Take option netmask out of DHCP config
Wifi option network should specify a single network.
shhkid
January 20, 2021, 5:59pm
15
Guest should forward to wan not to lan.
Take option netmask out of DHCP config
What do you mean with 'Wifi option network should specify a single network.'?
config wifi-iface 'default_radio0'
option device 'radio0'
option mode 'ap'
option encryption 'psk2'
option key 'asdf'
option network 'wan lan guest'
option ssid 'Wu Tang LAN'
points to 3 networks.
Stefan1
January 20, 2021, 7:03pm
16
I just checked my wireless config. I do have 2 radios ( 2.4 ghz, 5ghz), and 4 wifi-iface entries, 2 for each radio, one for lan, one for guest. None has more than one network set.
shhkid
January 21, 2021, 5:55am
17
I just figured out that I connected my AP via LAN to the main router.

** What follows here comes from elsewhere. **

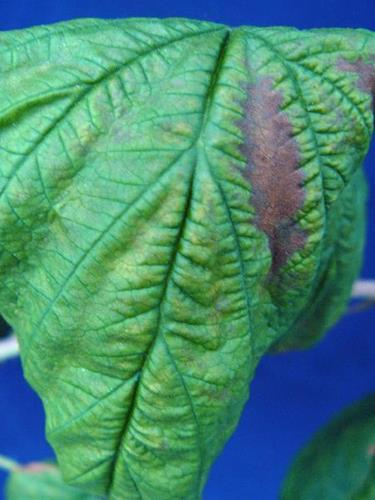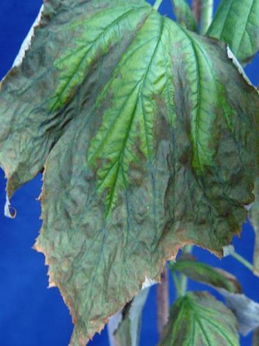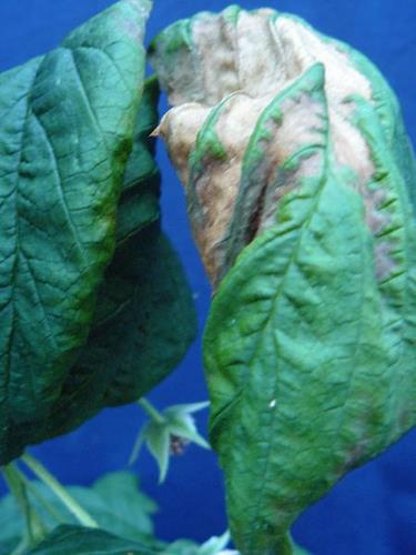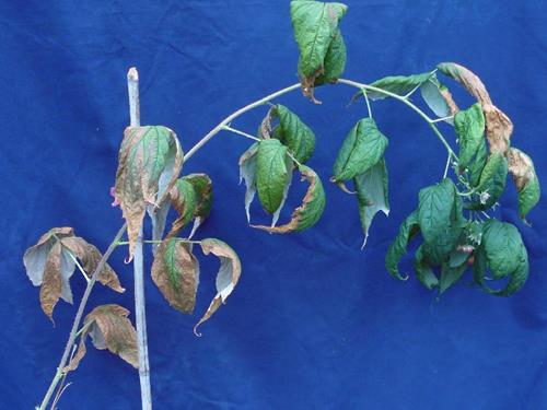 Dark green coloration of medium and young foliage. Wilting and leaf scorch starting from marginal and interveinal areas of older leaves. Poor branching. Reduced flowering and fruit set, worse fruit quality.

Therefore forwarding to WAN doesn't make sense, or am I wrong?
1 Like
Stefan1
January 21, 2021, 7:12am
18
This is why I wrote that your config does not at all fit to the guide you say you followed. In that guide for lan masquerade is on, guest -> lan with accept, accept, reject, ...
Save your existing config and check it along that guide again carefully. If it then does not work, post it here.
My working config (except the splash page, I did not try to fix that, as the splash page on my old devices caused trouble anyhow)
This is wrong, you cannot attach the wireless interface to three different networks at the same time:
Choose on which network should this interface be attached, and delete the others.
This is also wrong, you cannot bridge eth0 on two different interfaces:
You do not need to care about eth0 at all; use just eth0.1 for one interface and eth0.2 for the other.
Now comes the debugging part:
When a client connects to the guest wifi, what parameters are configured on the network.
Can it ping the AP? Can it ping the main router? Can it ping 8.8.8.8?
Can it ping Google by name?
2 Likes
shhkid
January 22, 2021, 1:10pm
20
I can ping the AP and the main router, but 8.8.8.8 (destination net unreachable) and google.com is not working.